At Spurs, one window closes while another opens
After another summer window shut, it became quickly evident that some of us were content at picking the holes in the business we hadn’t done rather than what we had.
September 4th, 2014
I hate transfer deadline day and I hate how commercialised it has grown to become in just a few short years. The money that Sky pumps into commercialising stories that lack any genuine substance behind them but subtly encourage users to lump money on them through Sky Bet epitomises the modern day football predicament we find ourselves in today. It manipulates expectation of clubs when, in reality, we know next to nothing of the accounts, the strategy, the plans and what not but are continuously fed stories that lead to an underlying disappointment.
As much as this sounds as though I’m ranting on the state of the game today (and partially I am), I’m merely setting the scene for Spurs’ transfer window dealings on the whole. I maintain that, with a transfer window, a whole other window of perspective is needed alongside. My opinion of our transfer window this summer was that of more long-term planning and growth than just short term ‘gap fillers’. Far too often are the board blamed for ‘failing’ to purchase players in positions x, y & z. We don’t like to believe it, but it’s knee-jerk of the highest degree, and every window presents the same knee-jerk year after year.
I’m not building walls to block out the torrent of abuse that our board receives after every window but I reiterate the need for perspective. Prior to ENIC taking over, we’d experienced a point’s deduction and an expulsion from the FA Cup in one season. We were a vessel of a side with cracks left, right and centre that have grown to become a cruise liner. We’re one of the best run clubs in the country and are financially stable.
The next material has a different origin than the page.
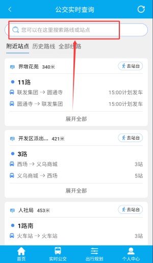 4.在实时公交模块搜线路编号,可看车辆位置和到站时间。

We’ve recently built a training centre regarded as one of the best in the world and have plans to have a new stadium by 2017/2018. The price for this has to be held accountable, at least partially, somewhere. Where Arsenal, post-Emirates, struggled to really spend as their club stature demanded for around 7 years, we’re taking the hit now enabling us to have money to spend and bigger wages to offer after moving into our new ground. Believe it or not, the owner of a football club does want to the football club to do well.
What we sought to add this summer were (hopefully) individuals that add greater value to the squad than the sum of their own individual talent. We filled a gaping hole at left-back with Ben Davies, a young promising English CB/RB in Eric Dier, a more experienced & commanding CB in Fazio, as well as another young right back in Yedlin. In Vorm, we brought in a goalkeeper that better suits the system Pochettino is trying to install, as well as a ball-playing midfielder that sits a little deeper in Stambouli.
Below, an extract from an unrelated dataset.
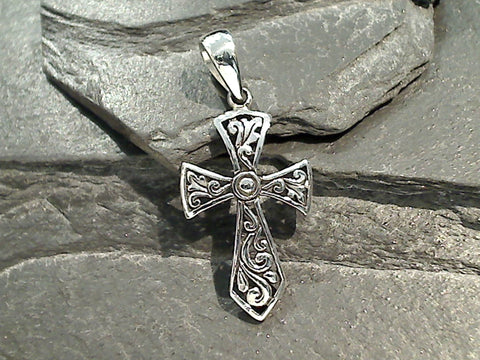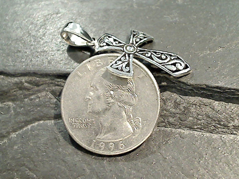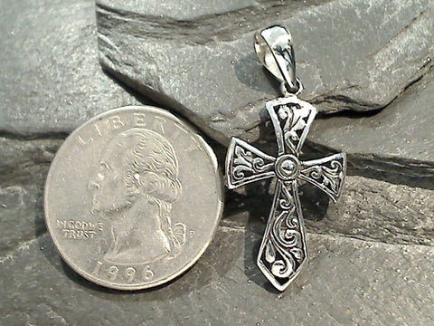 Sterling silver small to mid size cross pendant measures just over 1-1/4" tall with the bail by 5/8" wide at the max points and is light weight. We suggest a thin gauge chain with this pendant. Each pendant comes packaged in a jewelry box.

It’s arguable that we could’ve brought in another forward but it’s clear that, in reality, the money isn’t there to sign the sort of forward that would fit our idealism. We’re undertaking a longer-term plan that, fortunately or unfortunately, will naturally demand patience. It’s easy to banish us to mid-table mediocrity when we have a coach that the players are seemingly buying into as well as a hungry squad littered with talent.
Last year we cried out for more long-term stability and at this moment in time we’ve got it staring at us in the face, don’t let a transfer window deadline day manipulate that fact.